Stored dataset items:
*** Begin section ***
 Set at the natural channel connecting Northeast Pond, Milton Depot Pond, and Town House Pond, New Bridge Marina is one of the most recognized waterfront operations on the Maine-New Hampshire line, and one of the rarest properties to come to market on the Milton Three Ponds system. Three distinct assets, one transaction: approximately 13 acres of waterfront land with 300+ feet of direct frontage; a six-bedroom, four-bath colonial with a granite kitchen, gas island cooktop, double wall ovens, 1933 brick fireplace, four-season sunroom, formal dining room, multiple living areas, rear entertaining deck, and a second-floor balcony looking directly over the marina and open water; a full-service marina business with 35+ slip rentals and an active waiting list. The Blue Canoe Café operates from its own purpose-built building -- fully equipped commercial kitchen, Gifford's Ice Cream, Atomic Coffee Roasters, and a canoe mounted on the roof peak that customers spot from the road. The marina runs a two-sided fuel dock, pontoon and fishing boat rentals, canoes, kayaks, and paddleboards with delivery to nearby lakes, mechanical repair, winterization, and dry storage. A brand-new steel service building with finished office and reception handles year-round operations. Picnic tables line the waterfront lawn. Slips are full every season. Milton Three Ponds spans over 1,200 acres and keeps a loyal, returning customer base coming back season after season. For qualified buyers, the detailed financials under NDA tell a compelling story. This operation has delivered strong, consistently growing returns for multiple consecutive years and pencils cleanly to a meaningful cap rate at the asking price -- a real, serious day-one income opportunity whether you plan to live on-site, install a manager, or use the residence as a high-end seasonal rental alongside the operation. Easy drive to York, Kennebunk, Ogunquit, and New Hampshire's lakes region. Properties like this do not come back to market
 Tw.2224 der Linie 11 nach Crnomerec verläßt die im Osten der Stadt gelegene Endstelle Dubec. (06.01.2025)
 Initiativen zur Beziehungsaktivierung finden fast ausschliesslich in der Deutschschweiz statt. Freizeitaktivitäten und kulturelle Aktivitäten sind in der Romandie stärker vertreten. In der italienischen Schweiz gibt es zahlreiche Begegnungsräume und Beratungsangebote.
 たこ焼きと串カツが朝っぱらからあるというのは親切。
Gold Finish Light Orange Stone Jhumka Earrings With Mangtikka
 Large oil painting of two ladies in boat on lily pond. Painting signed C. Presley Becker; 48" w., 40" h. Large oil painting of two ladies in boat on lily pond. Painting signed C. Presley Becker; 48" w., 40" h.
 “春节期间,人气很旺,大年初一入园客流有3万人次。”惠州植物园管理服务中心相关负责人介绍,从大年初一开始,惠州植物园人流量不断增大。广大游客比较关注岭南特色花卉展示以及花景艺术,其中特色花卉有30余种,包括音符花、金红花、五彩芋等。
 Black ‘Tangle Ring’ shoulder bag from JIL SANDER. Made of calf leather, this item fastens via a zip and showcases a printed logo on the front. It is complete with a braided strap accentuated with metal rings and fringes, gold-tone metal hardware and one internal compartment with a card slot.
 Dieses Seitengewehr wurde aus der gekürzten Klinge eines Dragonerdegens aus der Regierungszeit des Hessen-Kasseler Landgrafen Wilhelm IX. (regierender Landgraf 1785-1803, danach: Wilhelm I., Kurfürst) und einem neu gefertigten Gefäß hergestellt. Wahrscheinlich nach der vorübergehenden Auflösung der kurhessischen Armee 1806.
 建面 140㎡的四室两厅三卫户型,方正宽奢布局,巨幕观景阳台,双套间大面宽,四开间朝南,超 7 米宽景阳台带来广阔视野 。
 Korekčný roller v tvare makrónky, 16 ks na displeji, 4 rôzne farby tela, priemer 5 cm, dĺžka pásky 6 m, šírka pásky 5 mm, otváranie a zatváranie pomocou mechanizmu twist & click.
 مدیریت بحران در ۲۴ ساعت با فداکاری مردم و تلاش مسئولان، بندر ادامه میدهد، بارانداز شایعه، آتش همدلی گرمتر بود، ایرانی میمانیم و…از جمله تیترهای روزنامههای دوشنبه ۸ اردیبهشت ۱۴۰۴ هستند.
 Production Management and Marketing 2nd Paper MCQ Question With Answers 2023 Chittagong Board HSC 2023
*** End section ***
Would you return all of the data exactly as given?

Solution to this task:
 Set at the natural channel connecting Northeast Pond, Milton Depot Pond, and Town House Pond, New Bridge Marina is one of the most recognized waterfront operations on the Maine-New Hampshire line, and one of the rarest properties to come to market on the Milton Three Ponds system. Three distinct assets, one transaction: approximately 13 acres of waterfront land with 300+ feet of direct frontage; a six-bedroom, four-bath colonial with a granite kitchen, gas island cooktop, double wall ovens, 1933 brick fireplace, four-season sunroom, formal dining room, multiple living areas, rear entertaining deck, and a second-floor balcony looking directly over the marina and open water; a full-service marina business with 35+ slip rentals and an active waiting list. The Blue Canoe Café operates from its own purpose-built building -- fully equipped commercial kitchen, Gifford's Ice Cream, Atomic Coffee Roasters, and a canoe mounted on the roof peak that customers spot from the road. The marina runs a two-sided fuel dock, pontoon and fishing boat rentals, canoes, kayaks, and paddleboards with delivery to nearby lakes, mechanical repair, winterization, and dry storage. A brand-new steel service building with finished office and reception handles year-round operations. Picnic tables line the waterfront lawn. Slips are full every season. Milton Three Ponds spans over 1,200 acres and keeps a loyal, returning customer base coming back season after season. For qualified buyers, the detailed financials under NDA tell a compelling story. This operation has delivered strong, consistently growing returns for multiple consecutive years and pencils cleanly to a meaningful cap rate at the asking price -- a real, serious day-one income opportunity whether you plan to live on-site, install a manager, or use the residence as a high-end seasonal rental alongside the operation. Easy drive to York, Kennebunk, Ogunquit, and New Hampshire's lakes region. Properties like this do not come back to market
 Tw.2224 der Linie 11 nach Crnomerec verläßt die im Osten der Stadt gelegene Endstelle Dubec. (06.01.2025)
 Initiativen zur Beziehungsaktivierung finden fast ausschliesslich in der Deutschschweiz statt. Freizeitaktivitäten und kulturelle Aktivitäten sind in der Romandie stärker vertreten. In der italienischen Schweiz gibt es zahlreiche Begegnungsräume und Beratungsangebote.
 たこ焼きと串カツが朝っぱらからあるというのは親切。
Gold Finish Light Orange Stone Jhumka Earrings With Mangtikka
 Large oil painting of two ladies in boat on lily pond. Painting signed C. Presley Becker; 48" w., 40" h. Large oil painting of two ladies in boat on lily pond. Painting signed C. Presley Becker; 48" w., 40" h.
 “春节期间,人气很旺,大年初一入园客流有3万人次。”惠州植物园管理服务中心相关负责人介绍,从大年初一开始,惠州植物园人流量不断增大。广大游客比较关注岭南特色花卉展示以及花景艺术,其中特色花卉有30余种,包括音符花、金红花、五彩芋等。
 Black ‘Tangle Ring’ shoulder bag from JIL SANDER. Made of calf leather, this item fastens via a zip and showcases a printed logo on the front. It is complete with a braided strap accentuated with metal rings and fringes, gold-tone metal hardware and one internal compartment with a card slot.
 Dieses Seitengewehr wurde aus der gekürzten Klinge eines Dragonerdegens aus der Regierungszeit des Hessen-Kasseler Landgrafen Wilhelm IX. (regierender Landgraf 1785-1803, danach: Wilhelm I., Kurfürst) und einem neu gefertigten Gefäß hergestellt. Wahrscheinlich nach der vorübergehenden Auflösung der kurhessischen Armee 1806.
 建面 140㎡的四室两厅三卫户型,方正宽奢布局,巨幕观景阳台,双套间大面宽,四开间朝南,超 7 米宽景阳台带来广阔视野 。
 Korekčný roller v tvare makrónky, 16 ks na displeji, 4 rôzne farby tela, priemer 5 cm, dĺžka pásky 6 m, šírka pásky 5 mm, otváranie a zatváranie pomocou mechanizmu twist & click.
 مدیریت بحران در ۲۴ ساعت با فداکاری مردم و تلاش مسئولان، بندر ادامه میدهد، بارانداز شایعه، آتش همدلی گرمتر بود، ایرانی میمانیم و…از جمله تیترهای روزنامههای دوشنبه ۸ اردیبهشت ۱۴۰۴ هستند.
 Production Management and Marketing 2nd Paper MCQ Question With Answers 2023 Chittagong Board HSC 2023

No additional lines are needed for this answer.